-1

Here is an example of a string that I am working with

{Hi|Hello|Holla} {James{ey|o|ing}|Bob{bie|bey}}

I need a regular expression to extract the values between the {}'s example:

Hi|Hello|Holla
James{ey|o|ing}
Bob{bie|bey}

The original string is called Spintax. My program will select a random value enclosed within each {} block. The nested {} blocks can go pretty deep.

The regular expression needs to extract the value between the {} ignoring any nested {} blocks.
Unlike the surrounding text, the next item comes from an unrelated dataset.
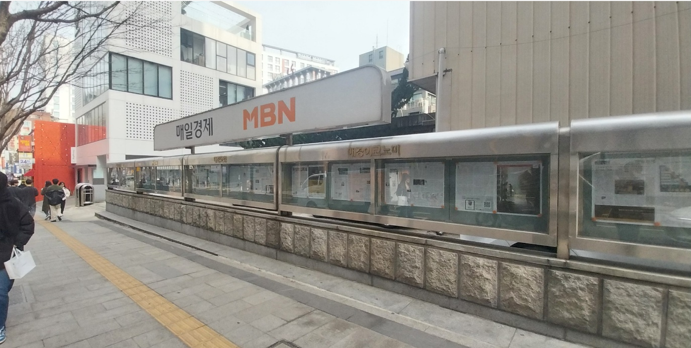 충무로역에 거의 도달하면 매일경제 사옥이 나옵니다. 길가의 게시판 구조에 신문을 쭉 펼쳐서 오늘날짜의 여러 면을 전시하고 있습니다. 북한의 노동신문 또는 대학의 대자보처럼. 요즘의 디지털 시대에 예전 아날로그 느낌을 주더군요. 그리고 여기 건물, 충무로역 기준으로 북동쪽의 건물이 예전부터 있던, 매일경제 사옥이 아닌가 합니다. 주로 눈에 띄는 남서쪽에 있는 더 높은 건물은 MBN 등 신사옥이 아닌가 싶습니다.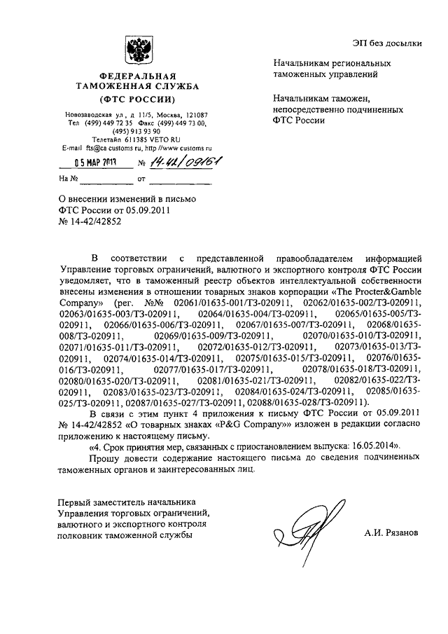 ПИСЬМО ФТС РФ от 05.03.2013 N 14-42/09161

And then, split the value by the pipe (|) again ignoring any nested {} blocks so that the pipes within nested {} blocks are not touched.

Does that make sense?

I did implement partial solution using String methods, but when splitting by pipes it splits the pipes within the nested {} too, which is to be expected, but I can't figure out a way to ignore the nested {}

public String spintaxParse(String s)
    {
        // TODO: Implement logic to check for {} within String.
        if (s.Contains('{'))
        {
            int firstOccuranceOfOpenBrace = s.IndexOf('{');

            while (s[firstOccuranceOfOpenBrace + 1].Equals('{'))
                firstOccuranceOfOpenBrace++;

            int firstOccuranceOfClosingBrace = s.Substring(firstOccuranceOfOpenBrace).IndexOf('}');

            String spintaxBlock = s.Substring(firstOccuranceOfOpenBrace, firstOccuranceOfClosingBrace + 1);

            String[] items = spintaxBlock.Substring(1, spintaxBlock.Length - 2).Split('|');

            Random rand = new Random();

            s = s.Replace(spintaxBlock, items[rand.Next(items.Length)]);

            return spintaxParse(s);
        }
        else
        {
            return s;
        }
    }
competent_tech
  • 44,465
  • 11
  • 90
  • 113
Sian Jakey Ellis
  • 435
  • 1
  • 4
  • 13
  • You may want to add the [c#] tag to this question, since it seems to be based on [your previous question](http://stackoverflow.com/questions/8004465/spintax-c-sharp-how-can-i-handle-this). It also makes it clear which programming language you want a regex for, as different platforms have different regex implementations. – BoltClock Nov 04 '11 at 05:37
  • Your question is inconsistent. You want to split all level 1 and level 2 patterns but not level 3? – Polity Nov 04 '11 at 06:15
  • Agree with Polity. According to your description, the example string here should be split to
    Hi
    Hello
    Holla
    James{ey|o|ing}
    Bob{bie|bey}
    is a seperator
    – ojlovecd Nov 04 '11 at 06:38
  • Check the code. It's a recursive function that finds the first set of {} and replaces it with a random value from within the {} block. The string is then passed to the function, and a second set is found, etc etc till all are replaced. I can extract the values within an {} with my solution above, but when I split the values by the pipe delimiter, if the string contains a nested {} then the pipes within that block get split, which is what I don't want. I want to split levels 1..n – Sian Jakey Ellis Nov 04 '11 at 06:38
  • Google Spintax for a definition of what it is, and you'll understand what I mean. – Sian Jakey Ellis Nov 04 '11 at 06:39
  • I solved the problem in my other question ... http://stackoverflow.com/questions/8004465/spintax-c-sharp-how-can-i-handle-this – Sian Jakey Ellis Nov 04 '11 at 08:14

2 Answers2

1

Since you are dealing with multi-nested syntax, I think you might want to create a simple parser using Parser Generation Tool, sucn as "ANTLR". ANTLR Link

the ANTLR syntax should be something like this:

statements: statement+
     ;
statement: '{'+ content + '}'
     ;
content: token
     | TOKEN + '|' + content
     | TOKEN + '|' + statement
     ;

TOKEN: \w+
     ;
hygoh2k
  • 2,060
  • 2
  • 12
  • 7
  • I'd like to possibly use a regular expression to say "If there is a {...} block within this string of pipe delimited values do not split the values within that nested block". – Sian Jakey Ellis Nov 04 '11 at 06:42
0

It could be easier to parse string by hand or with some parser generator.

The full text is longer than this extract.